С другой стороны, при всей «феноменологии аскезы», «внутреннее делание» у нас, даже среди тех, кто отдает себя ему столь часто каким-то роковым образом бывает (не всегда, конечно) напрочь отсечено от внешнего, и нередко так получается (примеры у всех на виду), что ревностный постник (хотя по комплекции не всегда сразу догадаешься), горячий проповедник покаяния, непревзойденный мастер «жизни по духу», оказывается в частной, недуховной жизни угодливым «потаковником» сильным мира сего, капризным деспотом с нижестоящими, утробным антисемитом и к тому же еще ярым поклонником режимов самых что ни есть державно-благостно-людоедских. Да и бессребреником его если и назовешь, то лишь в каком-то виртуальном, отвлеченном смысле. Кто бы мог объяснить, как примиряются эти две реальности? Глаза наши чаще всего прикованы либо к той, либо к другой стороне, но все дело в том, что обе они отлично сосуществуют, нигде не пересекаясь. И потому сам вопрос о примирении их выглядит слишком внешним, искусственным, ибо самой проблемы нет, внутреннего конфликта между этими пластами жизни не возникает.

5. Есть еще одна двоица понятий, в прошлом о ней немало говорилось, но с тех пор она проделала значительную эволюцию. Речь идет об антитезе страдания и греховности. Бердяев говорил о дихотомии, разделяющей Средневековье, ставившее во главу угла человеческий грех, и Новое время, более сосредоточенное на человеческом страдании, прежде всего невинном. Православие не знает этого разделения, его история протекает во времени последнем, и категории здешнего времени остаются до странности неизменными. Только что мы перевернули страницу невиданных мировых побоищ, которые выпали на долю Европы в XX веке, но затронули ли они по-настоящему хоть в чем-то жизнь нашей веры? Задели хоть дальним краем мысль? Может ли возникнуть у нас «богословие после Освенцима» или давно стучащееся в наши двери, но никем еще даже не названное, не отмеченное на духовной карте «богословие после Гулага»? Зато «богословии великодержавности», хорошо еще если златопарчевой, царской, а то и прямо кроваво сталинской, уже расплодилось сколько угодно.

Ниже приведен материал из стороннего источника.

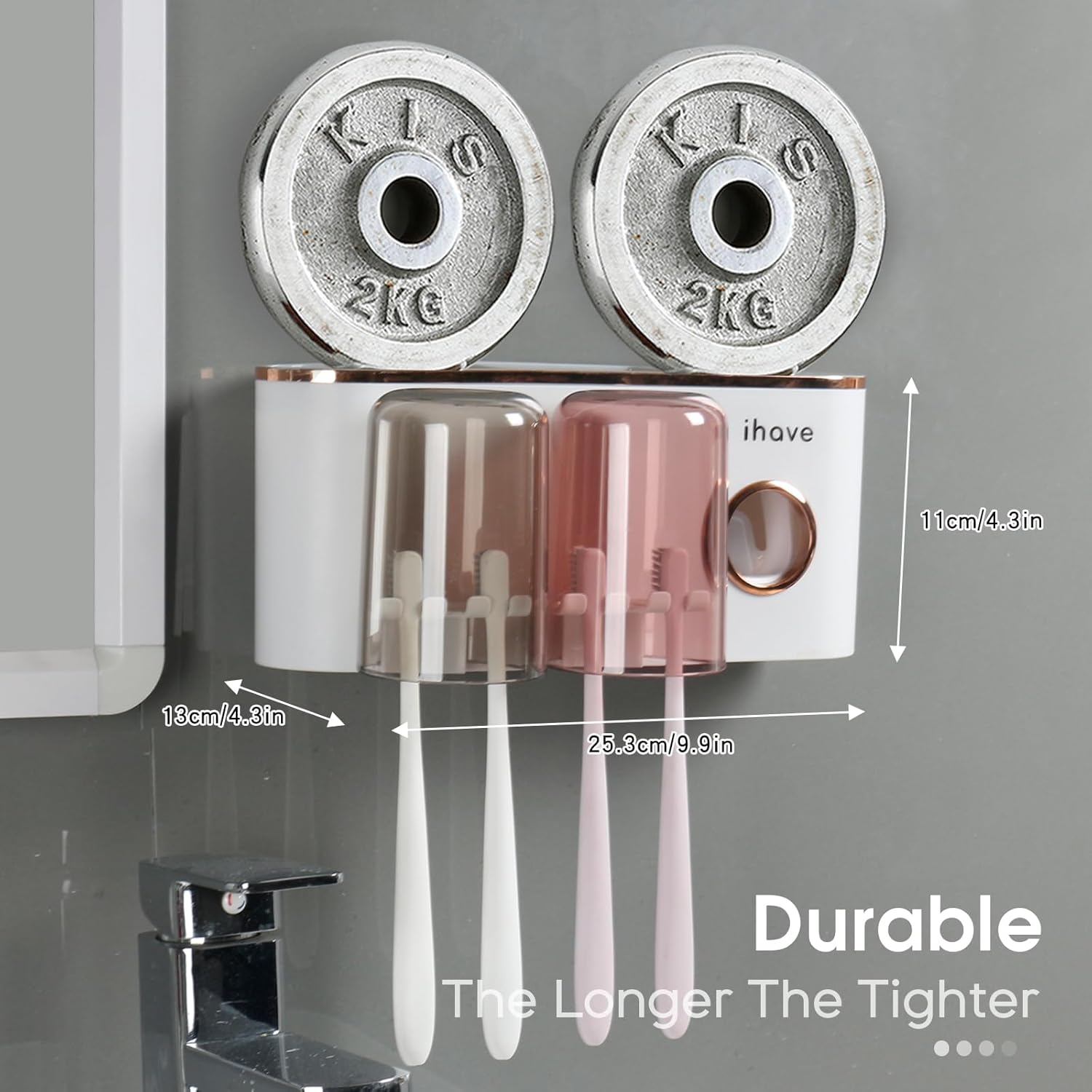 iHave Toothbrush Holders Bathroom Decor with Toothpaste Dispenser, 2 Cups Toothbrush Holder Wall Mounted Bathroom Accessories

Страстотерпцы и мученики ныне прославляются, заносятся в святцы, к ним обращены наши молитвы и все же то, что мы называем «Гулагом» – это не только долина сени смертной, которую пришлось пройти только лишь православной Церкви и ее чадам. Гулаг – система идеологического геноцида, время и место заклания всей страны и, по всей видимости, величайшая гекатомба в человеческой истории. И неужели наше исповедание, горше и острее всех помнящее о тайне беззакония, действующей в мире, крепче всех знающее об образе Божием, запечатленном на каждом человеке, способно вместить в свою «вечную память» только церковных, верных, только овец своего двора? И коль скоро мы литургически вспоминаем 14000 вифлеемских младенцев, убиенных за Христа (цифра символическая, и в сегодняшнем Вифлееме не наберется столько малышей), почему должна остаться провалом нашей церковной памяти гибель полутора миллиона убиенных еврейских детей, оставшихся не только числом и неким образом зла, но каждый под своим именем и фамилией? Разве в каждом из них – «анонимно» – не был заклан Христос? Ясно, что речь идет о чем-то существенно ином, чем международные осуждения с безопасных трибун. Уж не говорю о бедах несколько менее кровавых, но властно требующих сегодняшнего отклика боли и верности памяти. Задаю лишь вопрос, не навязывая ответа. Вспоминаю, как лет 15 назад покойный о. Иоанн Мейендорф говорил автору этих строк, что единственный раз в XX столетии, когда старцы Святой Горы Афон возвысили голос, чтобы произнести свое слово о событиях в мире, они еделали это, чтобы осудить экуменизм. Ибо это событие угрожающе коснулось их святыни, другие же прошли поодаль.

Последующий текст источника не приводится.